The results are priceless, but Petty has put a price tag on the package that encourages buying the whole thing rather than settling for digital downloads--$25 list for the 47 cuts and accompanying annotation (widely available for as little as $18). Collectors can (as collectors will) opt to pay a couple hundred bucks for a deluxe set, with a fifth CD and some video performances, but the standard bargain package is designed to satisfy as many listeners as possible.
The set should provide plenty of revelation even for diehard fans. As with a concert, the set list begins and ends with crowd-pleasing hits on discs one ("Even the Losers," "Here Comes My Girl," Refugee") and four ("I Won't Back Down," "Free Fallin'," "The Waiting"). Yet in between are performances that you might never suspect would be tour de force highlights just from scanning the list of selections.

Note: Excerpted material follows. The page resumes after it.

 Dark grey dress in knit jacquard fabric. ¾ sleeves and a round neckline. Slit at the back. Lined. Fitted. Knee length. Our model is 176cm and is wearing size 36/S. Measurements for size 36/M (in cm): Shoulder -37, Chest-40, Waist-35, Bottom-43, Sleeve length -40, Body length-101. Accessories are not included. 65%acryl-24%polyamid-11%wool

Like "It's Good to Be King," which I'd always considered droll but minor Petty, but is here extended to more than twelve minutes, with musical interplay that justifies every second. Like the lesser-known "Melinda," which Mike Campbell's electric mandolin sends into the Twilight Zone, in complement with the stately piano of Benmont Tench.

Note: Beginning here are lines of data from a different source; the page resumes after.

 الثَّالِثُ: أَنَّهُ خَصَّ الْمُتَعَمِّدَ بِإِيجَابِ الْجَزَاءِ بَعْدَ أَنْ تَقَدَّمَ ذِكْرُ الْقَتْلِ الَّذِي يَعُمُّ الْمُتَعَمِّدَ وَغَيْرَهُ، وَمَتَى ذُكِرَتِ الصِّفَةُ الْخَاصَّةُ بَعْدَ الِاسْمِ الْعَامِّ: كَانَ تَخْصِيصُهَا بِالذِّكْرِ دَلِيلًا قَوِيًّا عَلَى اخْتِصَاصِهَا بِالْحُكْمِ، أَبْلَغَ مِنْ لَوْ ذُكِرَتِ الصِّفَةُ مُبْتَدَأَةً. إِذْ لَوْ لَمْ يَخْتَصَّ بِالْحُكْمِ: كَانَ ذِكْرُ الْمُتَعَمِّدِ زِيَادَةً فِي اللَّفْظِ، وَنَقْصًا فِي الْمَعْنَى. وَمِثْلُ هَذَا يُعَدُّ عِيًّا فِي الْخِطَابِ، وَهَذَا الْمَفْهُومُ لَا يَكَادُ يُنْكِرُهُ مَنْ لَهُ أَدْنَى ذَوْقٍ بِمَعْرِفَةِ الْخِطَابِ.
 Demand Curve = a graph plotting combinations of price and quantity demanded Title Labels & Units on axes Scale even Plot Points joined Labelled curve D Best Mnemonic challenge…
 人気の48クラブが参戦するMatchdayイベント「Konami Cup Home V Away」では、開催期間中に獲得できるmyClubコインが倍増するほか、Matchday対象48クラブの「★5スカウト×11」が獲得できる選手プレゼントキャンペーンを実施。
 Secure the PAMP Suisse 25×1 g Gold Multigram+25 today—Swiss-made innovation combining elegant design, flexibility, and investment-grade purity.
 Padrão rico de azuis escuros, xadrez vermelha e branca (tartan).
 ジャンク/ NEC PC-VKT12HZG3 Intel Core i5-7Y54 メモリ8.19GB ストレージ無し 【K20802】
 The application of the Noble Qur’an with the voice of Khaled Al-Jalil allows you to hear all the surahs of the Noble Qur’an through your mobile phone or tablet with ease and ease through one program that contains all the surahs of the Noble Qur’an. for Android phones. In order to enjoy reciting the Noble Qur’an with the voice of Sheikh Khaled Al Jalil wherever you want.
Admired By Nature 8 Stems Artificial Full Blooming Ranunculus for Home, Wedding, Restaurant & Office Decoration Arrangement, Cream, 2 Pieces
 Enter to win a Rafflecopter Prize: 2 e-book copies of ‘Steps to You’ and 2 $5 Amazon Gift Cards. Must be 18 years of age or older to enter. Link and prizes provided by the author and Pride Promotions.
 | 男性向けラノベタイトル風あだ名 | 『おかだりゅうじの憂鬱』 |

Or like the transformation of "Mystic Eyes," which pays homage to the original version that Van Morrison cut with Them, but takes a turn toward the transcendence he would subsequently achieve in Astral Weeks and Moondance. Just compare with renditions of early Petty such as "American Girl" and the blitzkrieg tribute to the Dave Clark Five in "Any Way You Want It," and you can see how far this band has come, how much it has grown.
Yet as the performances skip back and forth across the decades, with the rhythm-section shifts in personnel (bassist Howie Epstein, RIP; drummer Stan Lynch, MIA), it all sounds so much of a piece that you realize how timeless is the musical dynamic of this five-man band. It helps that the hit that might have sounded most like a period piece, "Don't Come Around Here No More," is one of the few obvious omissions. Not only does the sequencing sustain continuity over the entirety of the set, but each disc is its own distinct entity--with a beginning, middle and end.
By disc four, the set feels like it has taken the listener on a journey, burning its way through the early adrenalin rush and raging hormones of "I'm a Man"--done as Petty and band first heard it, Yardbirds rave-up style--and the hunger of "Breakdown" to a grown-up brand of rock. Even "I Won't Back Down" sees quiet determination supplant youthful defiance, while the midtempo tenderness of "Crawling Back to You" and "Have Love Will Travel," the older but wiser "Square One," suggest the maturity of a band comfortable in its own skin.
The set builds as it must to "The Waiting," the song that marked a turning point in Petty's musical perspective and remains his best. And it ends as it should with "Alright for Now," a benediction, a lullaby, a prayer. There's a sense of wonder that a band and its music has come so far, ranged so wide, yet remained so true to itself.